Like many others, I was intrigued and followed their blogs with fascination and more than a twinge of jealousy.

What is FIRE?

These days, FIRE has become a phrase that you can’t get away from in the world of personal finance. It stands for Financial Independence Retire Early and it’s caught on with a crowd that wants autonomy over their lives.

FIRE may sound like dream, but it can be done. What’s needed: the proper mindset, smart financial strategies for saving and spending, a lot of planning, and a healthy dose of ambition.

It takes a lot of planning and hard work to get to a place where you can retire early, but the rewards are super sweet. Ditching your full-time job so you can travel, spend more time with family and friends, and tick off things on your bucket list is a great way to live, wouldn’t you say?

The rockstar bloggers who write about early retirement started with just an idea. Over time, they gained a wealth of knowledge about budgeting, saving, and creating a lifestyle that brings them joy.

Top Early Retirement Blogs

Here are some of the best early retirement blogs that show you how to get there. It’s never too late to make saving a priority, even if you aren’t exactly on track to retire early.

1. 1500 Days

I first learned about Carl Richards’s blog, 1500 Days to Freedom, in 2013 when I interviewed him about his then-new sapling of a retirement blog. He said he wanted to track how long it would take him to have $1 million invested for retirement.

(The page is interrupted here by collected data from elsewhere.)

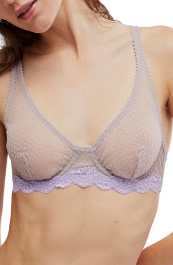 Unlined dotted-mesh cups create a flirty silhouette for this underwire bra finished with scalloped trim.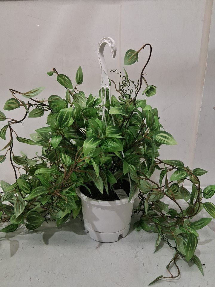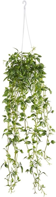 Nearly Natural Artificial Variegated Tradescantia Plant Hanging Basket - 34" - Green (Model: 6946)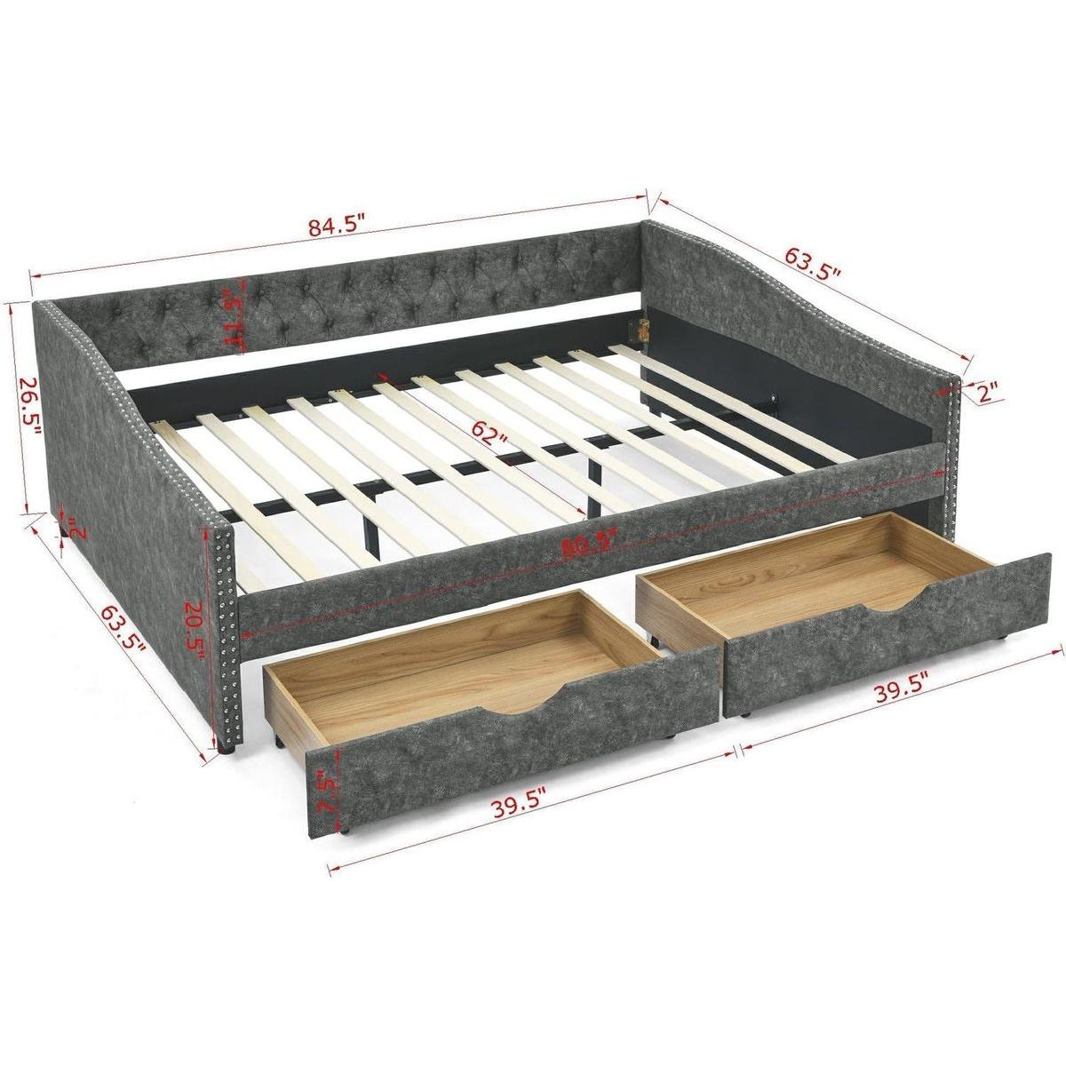 Queen Size Daybed with Drawers Upholstered Tufted Sofa Bed,,with Button on Back and Copper Nail on Waved Shape Arms(84.5"x63.5"x26.5")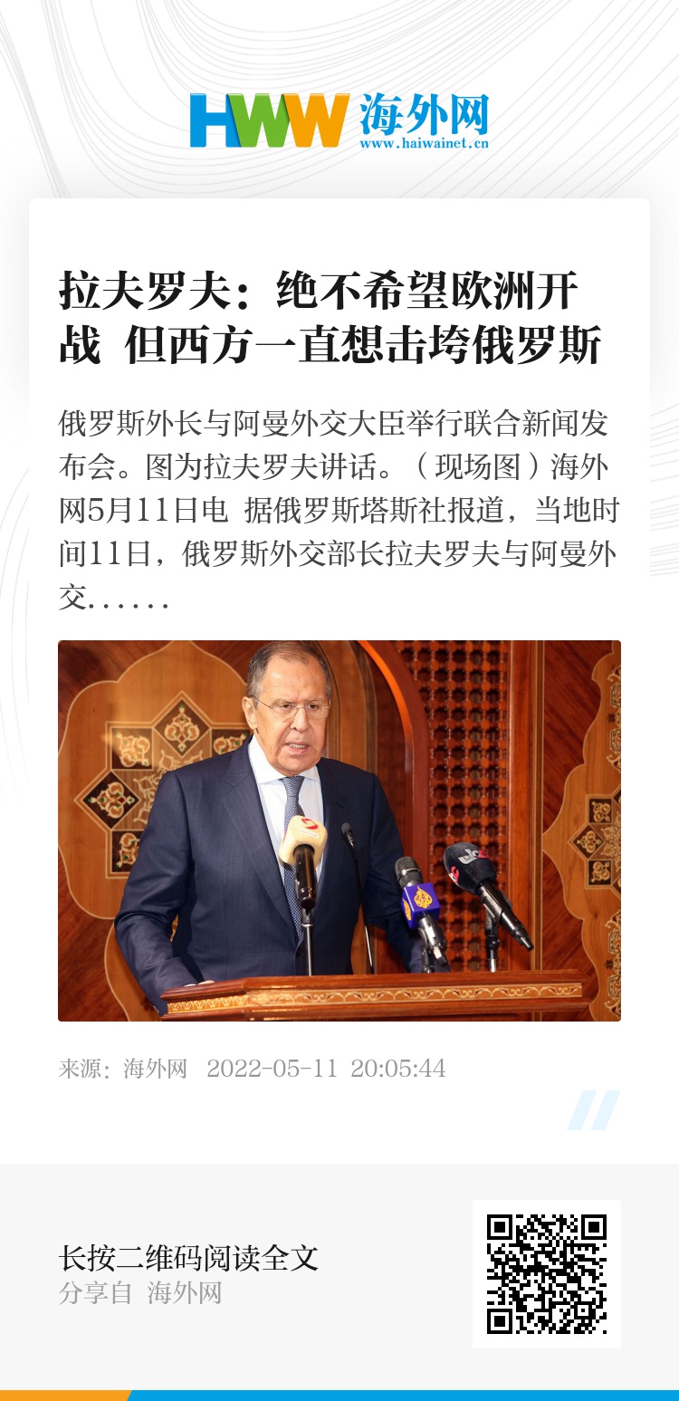 海外网5月11日电 据俄罗斯塔斯社报道,当地时间11日,俄罗斯外交部长拉夫罗夫与阿曼外交大臣巴德尔会谈后举行新闻发布会。拉夫罗夫表示,俄罗斯绝不希望欧洲开战,但西方一直想在乌克兰问题上击垮俄罗斯。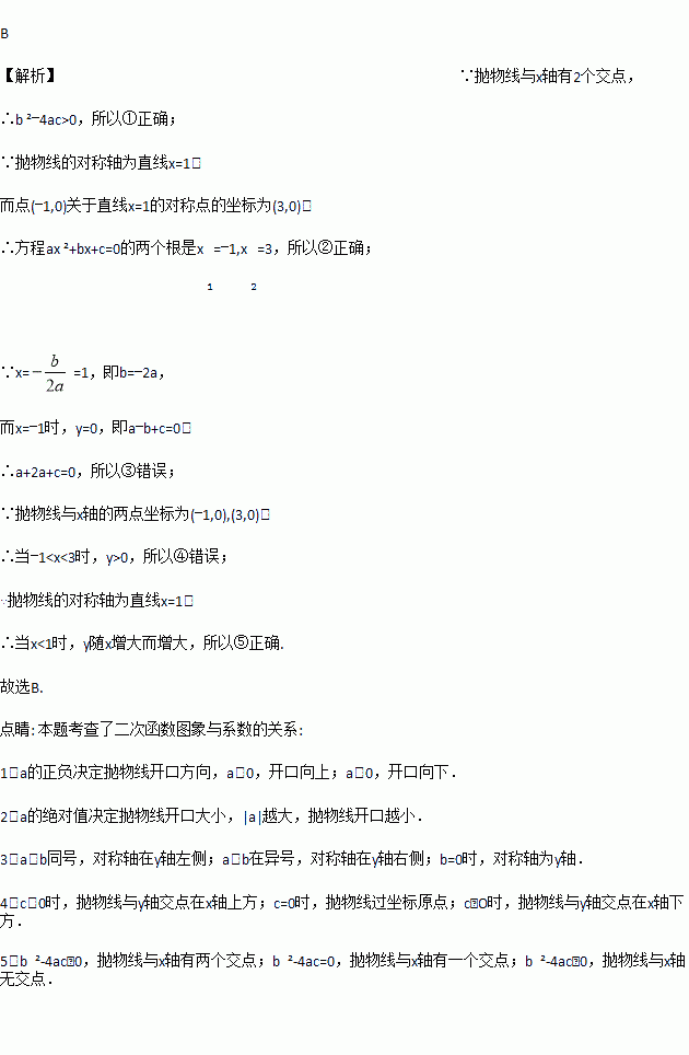 2+bx+c(a≠0)的对称轴为直线x=1,与x轴的一个交点坐标为(﹣1,0),其部分图象如图所示,下列结论:①4ac<b2;②方程ax2+bx+c=0的两个根是x1=﹣1,x2=3;③3a+c>0;④当x<0时,y随x增大而增大,其中结论正确的个数是( )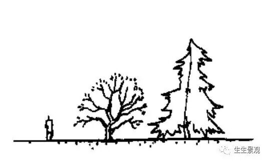 ▲中层树,较低的落叶和针叶树种,从近地面处到眼高处形成树冠。在开旷空地上或低空种植中层树以形成屏障,背景及视觉趣味点。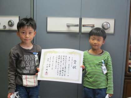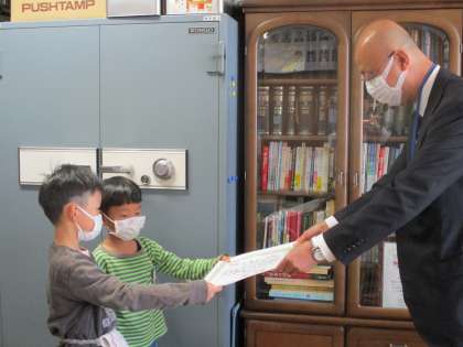 校長室で校長先生から表彰していただき、とってもうれしそうでした。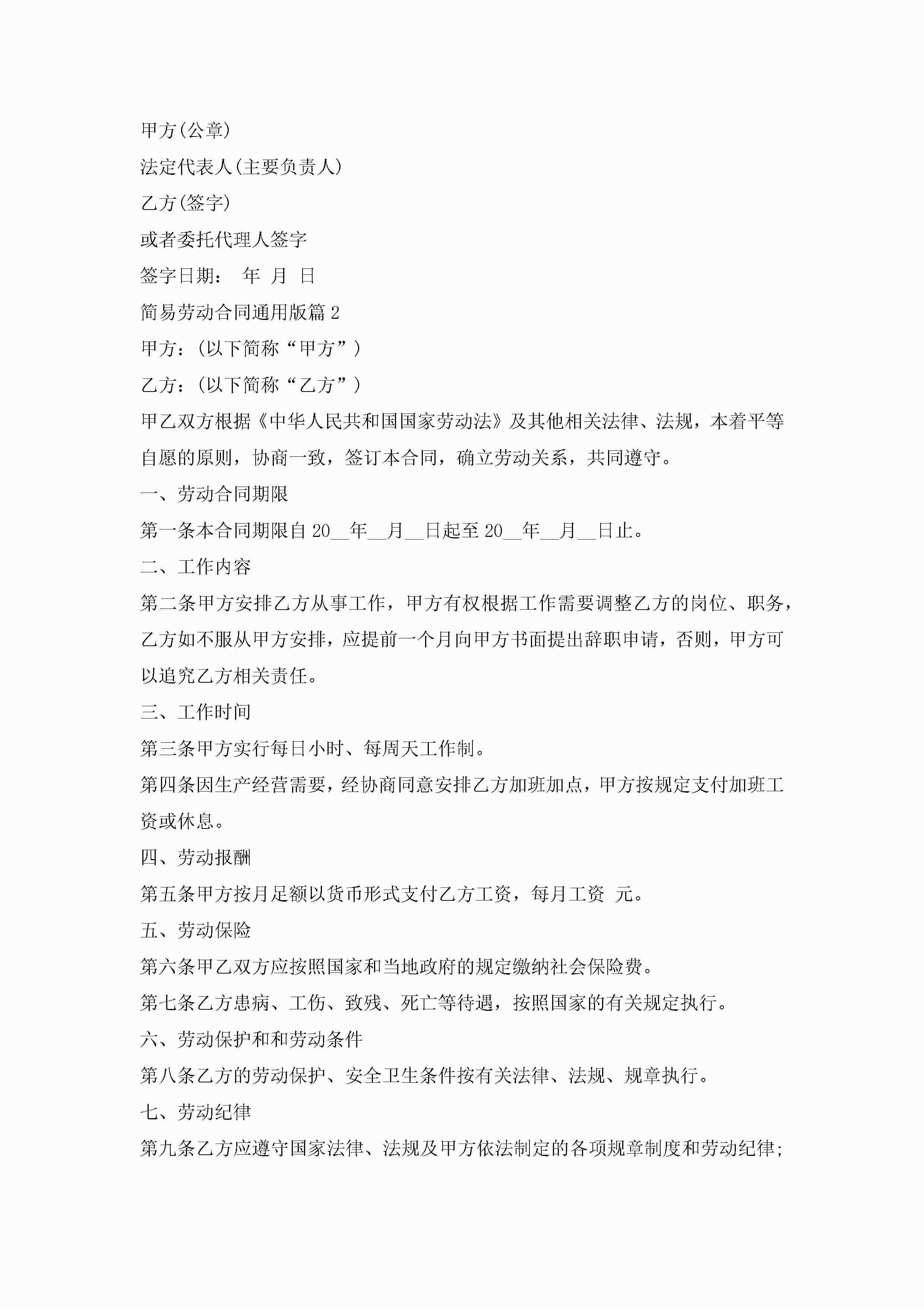 简易劳动合同通用版范文jugei3月23日 01:37发布关注196 简易劳动合同通用版范文此内容为付费资源,请付费后查看¥10.9 单篇文档限时特惠¥15个人会员开通企业会员开通立即下载无需登陆!可直接快捷下载单个模板付费资源© 版权声明THE ENDWord模板# 实用文档# 实用模板# 合同模板# 合同范本 如有问题,可点击最底部“联系我们”联系客服 分享QQ空间微博QQ好友海报分享复制链接收藏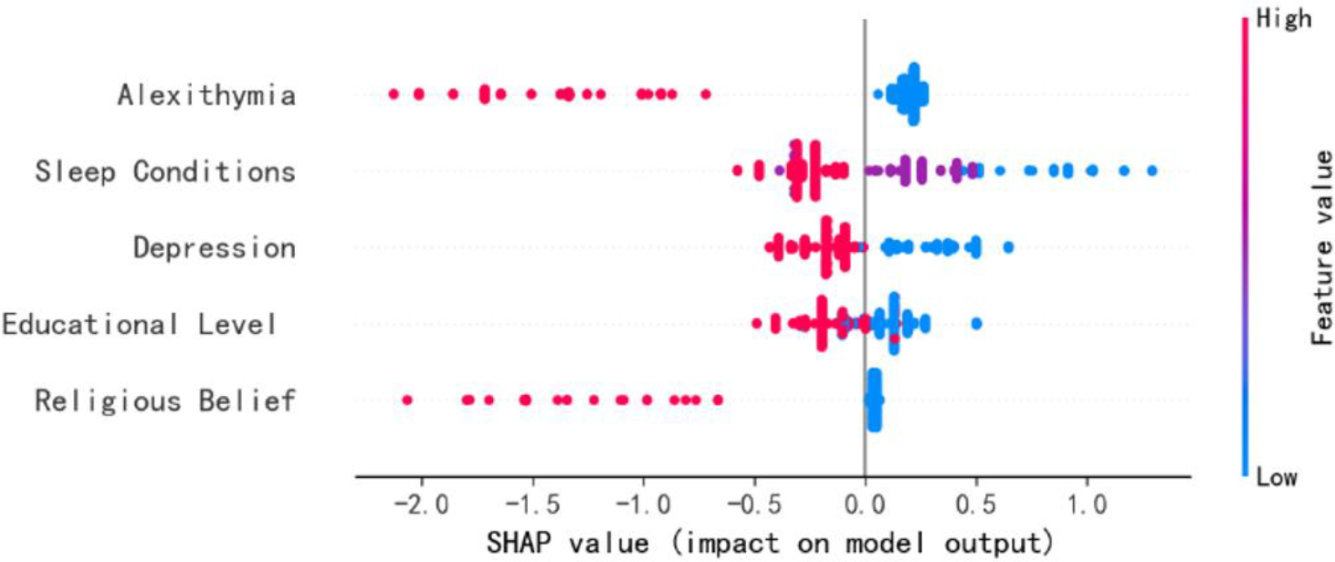 The area under the Area Under Curve (AUC: 0.71) of the random forest model was the highest among the 7 models that predicted nursing students’ social anxiety. The most important characteristics that predicted social anxiety in nursing students included Sleep condition, alexithymia, depression, education level, and religious belief.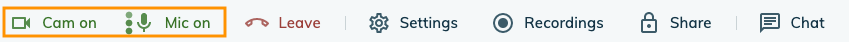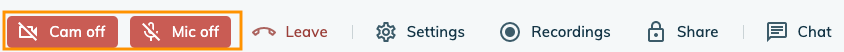 4. Click on 'CAM OFF' and/or 'MIC OFF' to start using your camera and microphone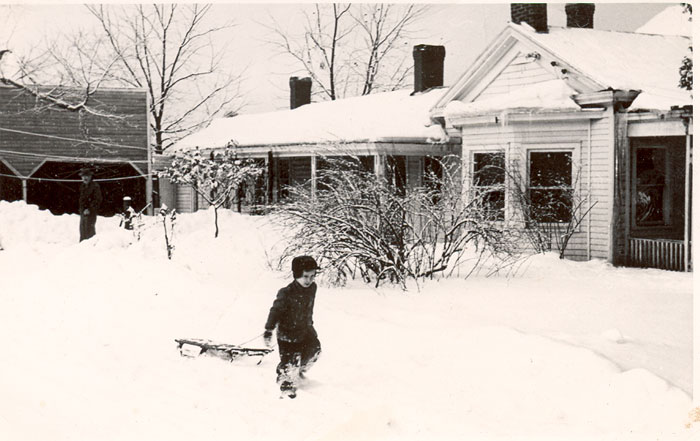 and yes that is my mother reading probably not her email and me siting in the trailer being silly like I was eating raw corn back in the late 1950s. This next photo is of when I first tried to leave Clifton Park, New York. I was about six and I was headed out of town but got as far as the front of the house before getting stuck in a snow drift.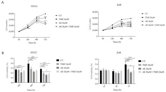 Effect of 20 μM AE alone and in combination with 10 μM TMZ on cell growth and viability in primary GBM lines, NULU and ZAR. (A) Effect of AE, as a single agent and in combination with TMZ, on the number of NULU and ZAR primary GBM cells exposed daily to TMZ 10 μM, AE 20 μM, and AE 20 μM and TMZ 10 μM for 24, 48, and 72 h; (B) cytotoxic effects of daily exposure to TMZ 10 μM, AE 20 μM, and AE 20 μM and TMZ 10 μM for 24, 48 and 72 h on the cellular metabolism of NULU and ZAR GBM cells. For all experiments, the reported values are the mean ± SEM of 3 independent determinations: one-way ANOVA test, Dunnett’s multiple comparison test, p-value < 0.05 is significant. According to the GraphPad Prism 7 software, * p-values between 0.01 and 0.05; *** p-values between 0.0001 and 0.001 (compared to the control); a **** p-value < 0.0001 (compared to the control); a # p-value between 0.01 and 0.05 (compared to TMZ).

This sounded like quite the task, but he was determined to retire early (by the age of 43) and in 2017, he realized his goal.

Richards shares what it’s like now that he has no full-time job to tend to. “Once I left my job, I found myself with mental bandwidth that I had not had in years,” he told Well Kept Wallet. “I had time to think about my daily routine, priorities, and my relationships.”

He continues, “This led to some interesting discoveries. You find out who you really are. I think this is overwhelmingly positive, but don’t be surprised if you uncover some deep truths about yourself, too.”

When it comes to strategies for early retirement, Richards explains, “Focus on your 401k. By contributing to a 401k, you’re lowering your tax burden and you may also have the benefit of an employer match. If you don’t contribute enough to get the employer match, you’re leaving free money on the table.”

So inspirational!

2. Mr. Money Mustache

I love Mr. Money Mustache and, like many of his followers, I enjoy reading his articles about early retirement and living a simple but happy existence.

Only in his 40s but already living the life he’d always dreamed of, blogger Peter Adeney got started on this path because he wanted to make early retirement a reality. He and his wife invested in rental homes and saved aggressively in Vanguard index funds.

The thing I like most about his site is his philosophy about money and spending — i.e., consumption. He’s a big believer in “living a larger life with a smaller footprint” and writes regularly about aligning his daily routine with this philosophy.

The MMM site has a lot of information, so if you’re unsure of where to start or are new to personal finance in general, begin with the “classics” or “MMM Recommends” sections. You won’t be sorry!

3. Think Save Retire

Think Save Retire chronicles the life of an ambitious young retiree who travels the country in an Airstream trailer with his wife. The site was created by Steve Adcock, now 35, who writes regularly about how to properly budget your income and invest wisely.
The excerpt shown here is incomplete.